- Interactive map of Bilolutsk settlement hromada
- Country: Ukraine
- Oblast: Luhansk
- Raion: Starobilsk

Area
- • Total: 641.2 km^{2} (247.6 sq mi)

Population (2020)
- • Total: 9,662
- • Density: 15.07/km^{2} (39.03/sq mi)
- Settlements: 18
- Rural settlements: 1
- Villages: 16
- Towns: 1

= Bilolutsk settlement hromada =

Bilolutsk settlement hromada (Білолуцька селищна громада) is a hromada of Ukraine, located in Starobilsk Raion, Luhansk Oblast.

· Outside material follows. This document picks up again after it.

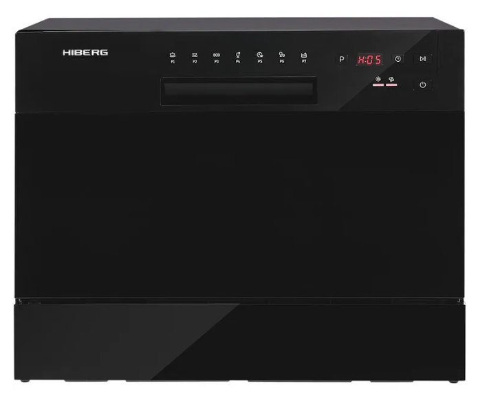 Посудомоечная машина HIBERG T56 615 B, отдельностоящая, возможность встраивания, mini, 7 программ, 2 корзины, цвет черный
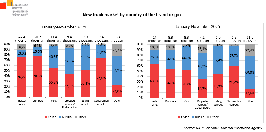 Sales of new Russian trucks decreased by 26.5% year-on-year to 22.6 thousand units, while those of Chinese ones fell by 65.9% to 24.9 thousand units. Over the year, the share of new Russian trucks grew by 15.4 p.p. to 42.2%, while that of Chinese ones decreased by 17.3 p.p. to 46.4%. The share of Russian trucks increased the most in the dumper (+19.3 p.p.) and tractor unit (+12.6 p.p.) segments. At the same time, the share of Chinese vehicles decreased in all segments, with the sharpest decline in the tractor unit segment (-23.5 p.p.).

Its administrative center is the town of Bilolutsk.

It has an area of 641.2 km2 and a population of 9,662, as of 2020.

The hromada contains 18 settlements: 1 town (Bilolutsk), 16 villages:

- Berezivka
- Zalisne
- Kozlove
- Kostyantynivka
- Kuban
- Lytvynivka
- Mozhnyakivka
- Novobila
- Pavlenkove
- Pelahiivka
- Svitle
- Synelnikove
- Sosnivka
- Tanyushivka
- Trembacheve
- Shapran

And 1 rural-type settlement: Zeleniy Hai.